Ensembling

Misc

Packages
- {stacks} - Performs model stacking that aligns with the tidymodels
- {{BayesBlend}} (Vignette) - Easy Model Blending using Pseudo-Bayesian Model Averaging, Stacking and Hierarchical Stacking in Python
- {loo::stacking_weights} (Vignette) - Model averaging via stacking of predictive distributions
Papers
- Bayesian Stacking (paper)
- Regressions where the coefficients are a simplex - Peter Ellis post
  - Can be used to to determine weights in a ensemble
  - 3 Methods: quadratic programming, a Dirichlet distribution in Stan, and using glmnet’s lower bound constraint
May be better to used a ML model for the ensembling procedure since the features are probably highly correlated
Feature-Weighted Linear Stacking (FWLS) (Paper)
- Incorporates meta-features for improved accuracy while retaining the well-known virtues of linear regression regarding speed, stability, and interpretability
- use of meta-features, additional inputs describing each observation in a dataset, can boost the performance of ensemble methods, but the greatest reported gains have come from nonlinear procedures requiring significant tuning and training time.
- Meta-features - should be discrete variables
  - Example (product sales model): current season, year, information about the products, and vendors variables
    - “benchmark” is just a 28-day MA model, prediction_CNNLSTM is a DL model, and prediction_XGBoost is an xgboost model
- Need to read the paper but the article I read that used this method used predictors from the base models as these “meta-features.”

Manually

With tidymodels objects from drob 1:58:08, Predicting box office performance

on_test_set <- function(d) {
    bind_cols(predict(mod_obj1, d) %>% rename(mod_name1 = .pred),
              predict(mod_ojt2, d) %>% rename(mod_name2 = .pred)) %>%
        augment(combination, newdata = .) %>%
        transmute(id = d$id, outcome_var = 2 ^ fitted # outcome was transformed with log2 during preprocessing

on_test_set(test_set) %>%
    rename(.pred = outcome_var) %>%
    bind_cols(test) %>%
    rmse(log2(.pred), outcome_var) # loss metric is RMSLE (Root Mean Squared Log Error)

Stacks

Steps:

Add models and tune a penalyzed regression model to determine weights
- blend_predictions args: penalty, mixture, metric, control
  - control is for tune::control_grid
  - metric used to determine penalty. Use the same one you used to tune the models.

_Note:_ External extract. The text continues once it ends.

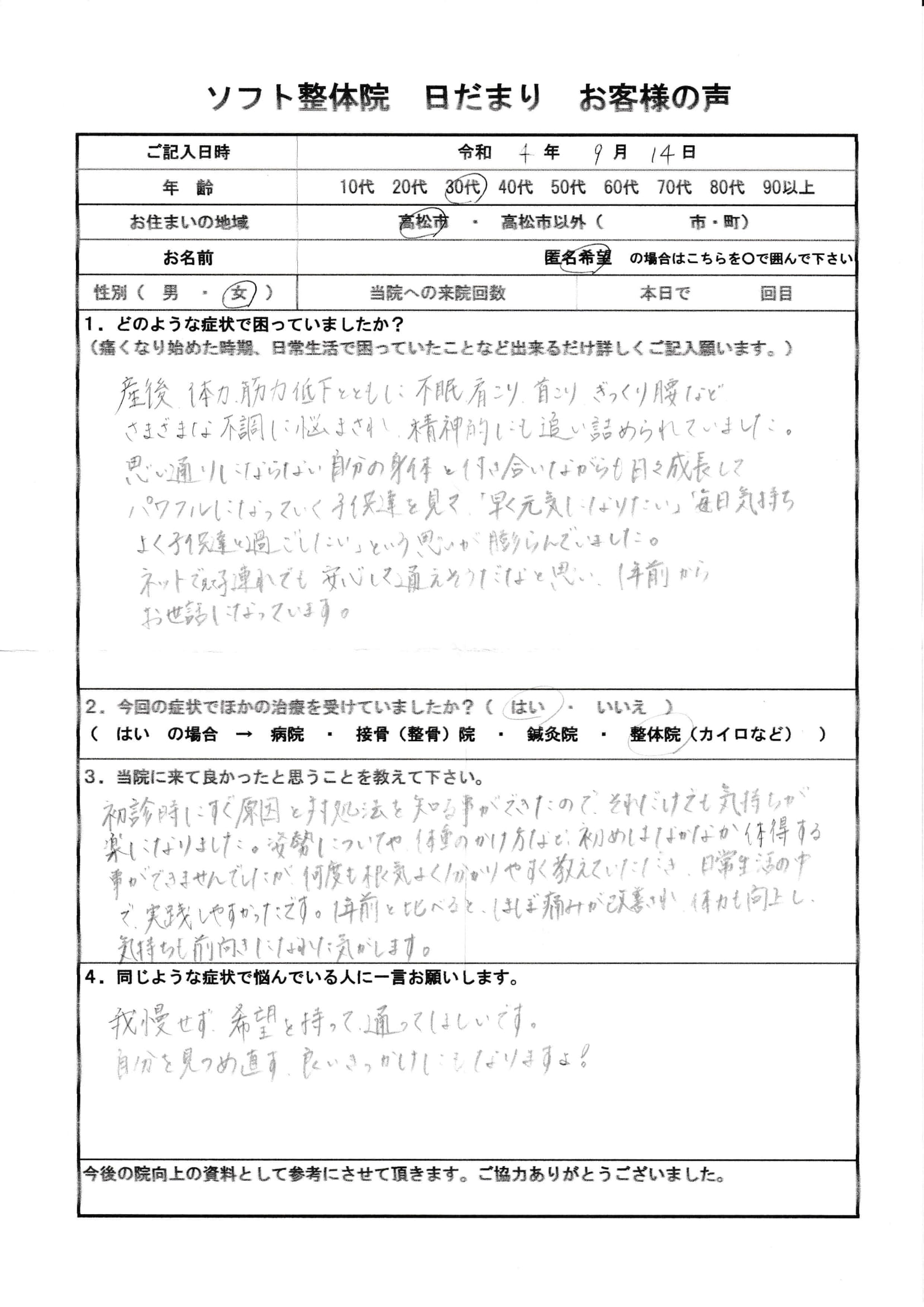 元々肩こりで腰痛持ち。出産をしてから慣れない育児を行うことで症状がひどくなりました。授乳を頻回に行うため背中は丸くなり抱っこすることも多いため肩こりも悪化。中腰での動作も多く腰痛も悪化。ゆっくり休むこともできないため、出産から3カ月後にはどんどん体は疲れていき、体はガチガチの状態で頭痛も出現、イライラすることも多く体の疲れがピークになりました。どうにか背中の張り、肩こり、腰痛をしたいと思い、ネットで検索して、「日だまり」を見つけてその日にtelして、治療を受けました。

lin_best <- lin_location_tune %>% filter_parameters(parameters = select_best(lin_location_tune))
xg_best <- xg_tune %>% filter_parameters(parameters = select_best(xg_tune))
lin_xg_blend <- stacks() %>%
  add_candidates(lin_best) %>%
  add_candidates(xg_best) %>%
  blend_predictions()

Fit the ensemble on the full training set

lin_xg_fit <- lin_xg_blend %>%
  fit_members()

Measure performance on the test set

predictions <- lin_xg_fit %>%
  predict(test, type = "prob", members = TRUE)

# Log loss by model, or by the blend
predictions %>%
  select(contains("_Rained")) %>%
  bind_cols(select(test, rain_tomorrow)) %>%
  gather(model, prediction, -rain_tomorrow) %>%
  mutate(prediction = 1 - prediction) %>%
  group_by(model) %>%
  mn_log_loss(rain_tomorrow, prediction)

sklearn

Majority Vote

from sklearn.ensemble import VotingClassifier
X, y = make_classification(n_samples=1000)
ensemble = VotingClassifier(
    estimators=[
        ("xgb", xgb.XGBClassifier(eval_metric="auc")),
        ("lgbm", lgbm.LGBMClassifier()),
        ("cb", cb.CatBoostClassifier(verbose=False)),
    ],
    voting="soft",
    # n_jobs=-1,
)
_ = ensemble.fit(X, y)

If the classes are probabilities or predictions are continuous, the predictions are averaged.
voting = “soft” says use probabilities
voting = “hard” says each model makes a binary classification (guessing 50/50 threshold), and the ensemble model tally’s up the votes to output its final result
weights argument can be used to assign different coefficients for more accurate models
votingRegressor also available

Stacking

from sklearn.ensemble import StackingClassifier, StackingRegressor
from sklearn.linear_model import LogisticRegression
X, y = make_classification(n_samples=1000)
ensemble = StackingClassifier(
    estimators=[
        ("xgb", xgb.XGBClassifier(eval_metric="auc")),
        ("lgbm", lgbm.LGBMClassifier()),
        ("cb", cb.CatBoostClassifier(verbose=False)),
    ],
    final_estimator=LogisticRegression(),
    cv=5,
    passthrough=False
    # n_jobs=-1,
)
_ = ensemble.fit(X, y)

StackingRegressor also available